Hurricane damage is about him, the economy is always about him, and while Americans are thinking he is looking out for their best interests, he is not. He is always looking out for what profit there is in this situation for him.
I will also tell you his desire for a second term in office is not to serve us better or more, rather it is to avoid prosecution for the mountain of crimes he has committed during his adult life. It has never been about his base. He could care less about his base. Rather his base exists to praise him and his excellence. When the applause dies, so will his affection for his base. If you believe you are important to Trump, you are deluded.
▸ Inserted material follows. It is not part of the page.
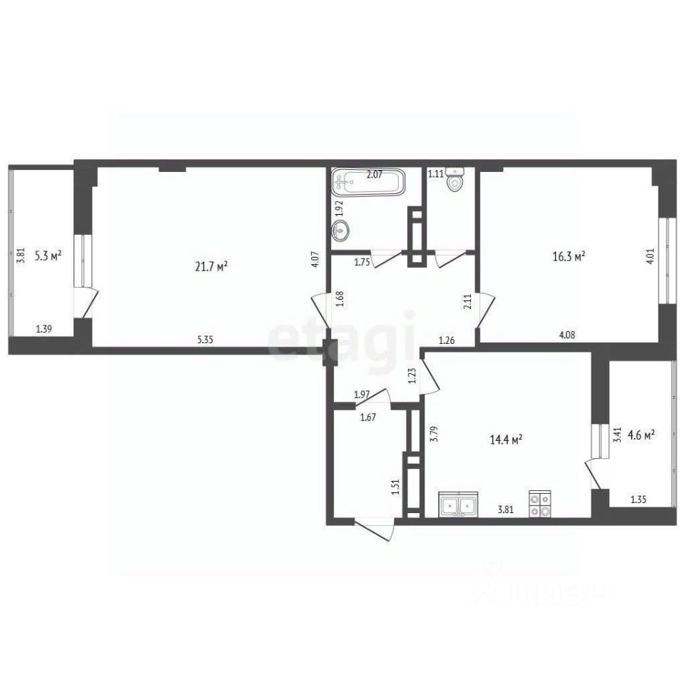 В продаже просторная евро трёхкомнатная квартира с шикарной планировкой общей площадью 67,4 кв.м. на 4 этаже девятиэтажного дома. Комнаты изолированные, раздельный санузел. Большая прихожая. Просторная кухня-гостиная.

Trump only cares about Trump. At the moment you cease to shower him with praise, cease to show up at his rallies, cease to cheer his most inane statements, he will leave you in the dust. There is absolutely no room in his heart for you.
The numbers are adding up. Those he has refused to reach out to because they were in cities where mayors were Democrats, or they did not show the proper respect and appreciation for him. Ethnics are realizing in the world of Trump they will also and always be a lower caste. The African Americans who are tired of continual delays of the basic human rights afforded to every white person in America have realized beyond tokenism, they have no value to Trump. Dreamers are also realizing with Trump, there is no possibility they can have a pathway to citizenship in a nation they were brought to without their consent.
Years ago I heard this story about a young guy who attacked a mountain of poop with an energy and determination that the adults marveled at. When asked why he was working so hard, he replied, “With all this poop, there has to be a pony in here somewhere.”

There is no pony. With Trump there has never been a pony—just poop.